Once they were distanced from the crowd, Mae said, “Is it bad? Is your leg hurt?” Trent said that it was fine, he just didn’t want to wait another six innings to get to know her better so he faked it. She could scarcely believe what she was hearing.
He led her to his silver Audi convertible. It still had paper plates on it. It must have cost a fortune. He opened the door for her and she thanked him. And they say chivalry is dead. Ha! They obviously haven’t met Trent. He put his bag in the trunk, got inside and started the car, summoned the rag-top by the push of a button, powered the seat-heaters, and jacked the climate control up to eighty-degrees on both sides.
He knew a great place to eat not too far from here, assuming she was okay with Mexican food. She wasn’t a fan of Mexican food but she was Trent’s biggest fan so she said yes, that would be nice.
They grazed on chips and salsa. The chips were warm and oily; not the cheap stuff they serve at Chipotle. The place was dimly lit with spacious high-backed booths eager to please, if privacy was your thing. Even in the meager light she could see the energy churning in his pale gray eyes. They were knowing eyes, the kind that made you nervous lying to because they’d know. Inquisitions put forth by the man behind them would be done so not to find answers but to gauge your character, how honestly you might answer them. There was no gentleness in them or any part of Trent’s exterior. His strength was appreciable without example. Muscles were hard and compact, not bulky. If you were to compare the strength of, say, a lithe Bruce Lee type versus that of your standard jock swaggering out of Gold’s Gym, you’d be surprised how much stronger the jock isn’t. Tightly woven muscle fibers. Muscle density. Meatloaf versus beef jerky, Trent was a hundred-and-eighty pounds of dry hardened beef stuffed in a casing of the softest golden-brown skin—a result of playing outdoor sports his entire life. His hair was brown at the root and sun-bleached sandy blond at length, which straggled its way to mid neck, mid ear, mid eye. His hardness was balanced by a shave so close that you wondered if he was unable to grow a beard. Perhaps a beard wouldn’t grow out of respect for the beauty and charm of the boyish face. He swept aside the renegade locks to better see Mae.
Trent wanted to know her story. She said as little as she’d get away with. She admitted to being in school, but not that she wouldn’t start high school until fall. She mostly spoke of her interests, which were watching movies, playing X-box 360, performing magic tricks (that Breuer taught her, shh!) and drawing, though she wasn’t very good at it.

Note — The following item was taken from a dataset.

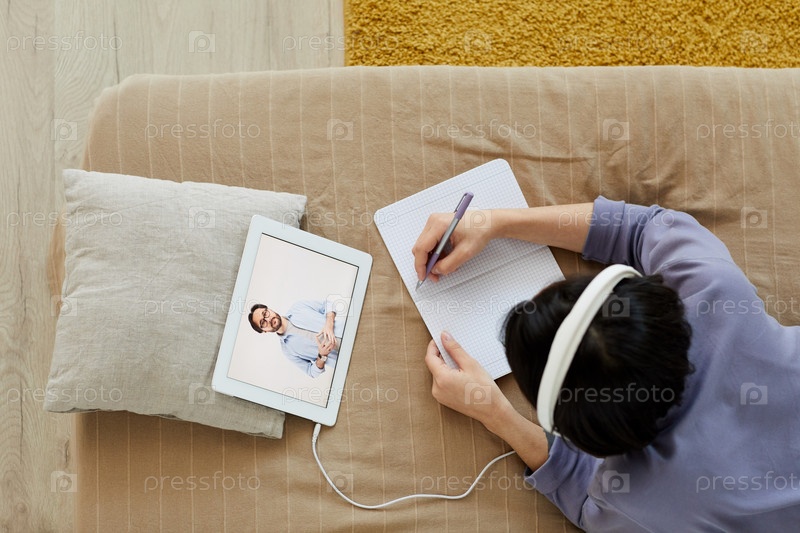 Вид сверху женщины в наушниках, лежащей на кровати и делающей заметки при использовании планшета для просмотра веб-семинара о личном росте

She directed the conversation back his way. He divulged what she already knew, thanks to Breuer. He was living in an apartment by himself and attending college. He didn’t know what he wanted to be, but considered becoming a doctor. He claimed to have no memory of his father, which is fine because his mother said he was the abusive type and a total asshole. He wasn’t that way until they were married, of course, as is always the case. The total asshole was nice enough to have a life insurance policy, though, and it came in handy when the accident took his life. A lawyer had read the story in the paper and actually sought his mother out and encouraged her to sue. An unethical attorney: who’d have thought? She hired him on the spot and months later they settled out of court for a small fortune. His mom was a recluse and rarely left the house. She was an alcoholic, which she’d never admit to, and possessed a hearty appetite for drugs, though not the kind from drug dealers. More like the kind that come in yellow bottles inside stapled paper-bags. She had several doctors with loose pens and Trent was sure that she doctor-shopped.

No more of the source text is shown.